Bundan iki yıl önce eski Vilayet binası yıkılırken, kaidesinde “Vatan bir bütündür parçalanamaz” vecizesi yazılı bulunan Atatürk’ün at üstündeki heykelinin kaldırılmasını gündeme getirmiştim. Heykelin yeniden yerine konacağı yoktu. Birkaç kez konuyu medyaya taşıyarak dikkat çektik. O dönem yetkililer açıklama yapma zahmetine girdi. Meydan düzenlemesi tamamlandıktan sonra projedeki yerine konacağı açıklandı. Bekledik, meydan düzenlemesi bitti Atatürk heykeli getirilip meydanın en dip köşesine, tuvalet girişine kondu. Alt kaidesi olmadan ve “Vatan bir bütündür, parçalanamaz” vecizesi olmadan!

Konuyu zaman zaman gündeme getirip, Atatürk heykelinin çoluk çocuğa oyuncak olduğunu yazdık, fotoğraflarını yayınladık. Yazdıklarımız, söylediklerimiz karşısında Atatürk’ü anlamayanların akılları karıştı. Zihinleri bulandı. AK Partili olarak bildikleri benim bir şeylerin peşinde olduğumu, amacıma böyle ulaşamayacağımı söylediler.

Neyin peşindeyim?

Atatürk heykelinin altındaki veciz söz ile o meydanda layık olduğu yere getirilmesi bana zerre kadar bir menfaat sağlamaz. Peşinde olduğum şey; bir milletin, o milleti yok olmak üzere iken küllerinden yeniden dirilten bir liderin anısına ihanetini ortadan kaldırmaya katkı sunmaktır. Yurdumu işgal eden düşmanın neden olduğu ailemin asırlık acısı, ülkemin kurucu liderine saygı duymamı gerektirir.

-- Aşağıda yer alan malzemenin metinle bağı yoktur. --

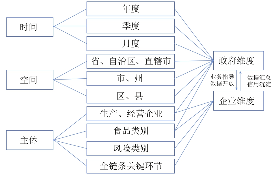 综上所述,本文提出一种全国一体化、基于大数据的食品安全风险分级模式(图1),涵盖年度、季度、月度等时间维度,省(自治区、直辖市)、市(州)、区(县)等空间维度,生产经营企业、食品类别、风险类别、全链条关键环节等主体要素维度,且对应归结到政府宏观与中观维度和企业微观维度,政府对企业风险分级管理进行业务指导,同时向企业开放数据,企业向政府上报数据,同时上报风险分级管理的结果,形成食品安全主体责任信用的沉淀。该模式可兼顾宏观与微观进行责任划分,涵盖了风险分级的时间、空间和主体主要维度,可实现数据的集聚和开放共享;可更加具有针对性地加强风险分级结果的应用,提高食品安全分级管理的靶向性和时效性。

Son yüzyılın yetişmiş en büyük siyasi ve askeri dehası olan Mustafa Kemal, ne yazık ki hiçbir zaman doğru anlaşılmadı. Adına Kemalist diyenler onu rozet veya büst yapmaktan öteye gitmeyip rantını devşirirken, din adına Mustafa Kemal’e düşmanlık edenler de onu anlamadı.

 “Mustafa Kemal din düşmanıdır” diyenlerin İslam’la alakası olamaz. Ülkeyi haçlı işgalinden kurtaran bir hareketi başlatan, Kelime-i Şehadet’i yeniden gökkubbeye yükselten isme düşmanlık yapmak, kin gütmek ancak haçlı zihniyetinin etkisindeki kişilerin işi olabilir. Hayatı cepheden cepheye koşmak olan, tüm kaleleri işgal edilmiş, tüm cephanesi tükenmiş, hiçbir umudu kalmamış bir milleti, ülkeyi karış karış dolaşarak yeniden hareketlendiren ve millet olma bilincini aşılayan bir insanın sarık sarıp, cübbe giyip tekkede dervişlik yapmasını mi bekliyordunuz!

Ülkeler dini, manevi ve siyasi liderleriyle ayakta durur. Varlığını devam ettirir.

Mustafa Kemal’i anlayabilmek için, toplumsal değişim taleplerinin dünyaya yayılmaya başladığı 1789 Fransız İhtilali’nden günümüze kadar olan süreci anlamak gerekir.

Mustafa Kemal’in ulusal kurtuluş hareketini başlattığı dönemde; Fransa, İngiltere, Rusya ve İtalya’nın donanmaları İstanbul’a girmiş, Adana’yı Fransız, Urfa, Maraş, Antep’i İngiliz, Antalya ve Konya’yı İtalyanlar işgal etmişti. Yunan ordusu İzmir’e çıkmış, yabancı devletlerin subay ve görevlileri, ajanları, özel adamları yurdun dört bir yanına yayılmış durumdaydı.

Mustafa Kemal’in kaldırdığı iddia edilip, bu sebeple nefret duyulan “Hilafet makamı”nın saygınlığı kalmamıştı. Ortadoğu ve Arap ülkeleri İngilizlere çoktan teslim olmuştu. Yani hilafet fiilen varlığını ve meşruluğunu yitirmişti.

Doğusundan batısına tüm şehirleri işgal altında kıvranan, namusu tehlikede olan bir ülkeyi bu darboğazdan kurtaran liderin hatası, zaafı, dini görüşü o öldükten sonra tartışılacak bir durum değildir. Atatürk din hakkında öyle düşünüyordu ise, bugün siz din hakkında farklı düşünürsünüz. Onun düşüncesi sizi bağlamaz.

Atatürk heykeli put mudur?

Evinizin baş köşesine astığınız babanızın, dedenizin fotoğrafı ne ise Atatürk’ün heykeli de ondan başkası değildir. Atatürk heykelinin simgesel anlamını bilmeyenler, mezarlıklara gidip, putlaştırdıkları mezar taşlarına ellerini yüzlerini sürerek ölülerden medet umanlardır.

Atatürk’ün heykellerine tapınmanız gerekmez. Önünde saygı duruşuna geçmeniz, heykellerinin önüne çelenkler sunmanız ne ona ne de size bir yarar sağlamaz. Atatürk sizi işitmez. Ancak o heykellerin, o bayrağın ve vecizelerin bu toplumu bir arada tutan, bağımsızlık, milli birlik ve beraberliği sağlayan sembolik anlamı vardır.

Bugün meydanlardan Atatürk’ü silerseniz, yarın paradan kaldırırsınız. Bugün Atatürk’ü unutturmaya çalışırsanız, yarın geçmişinizi unutursunuz. Geçmişini bilmeyen bir millet, yok olmaya mahkumdur.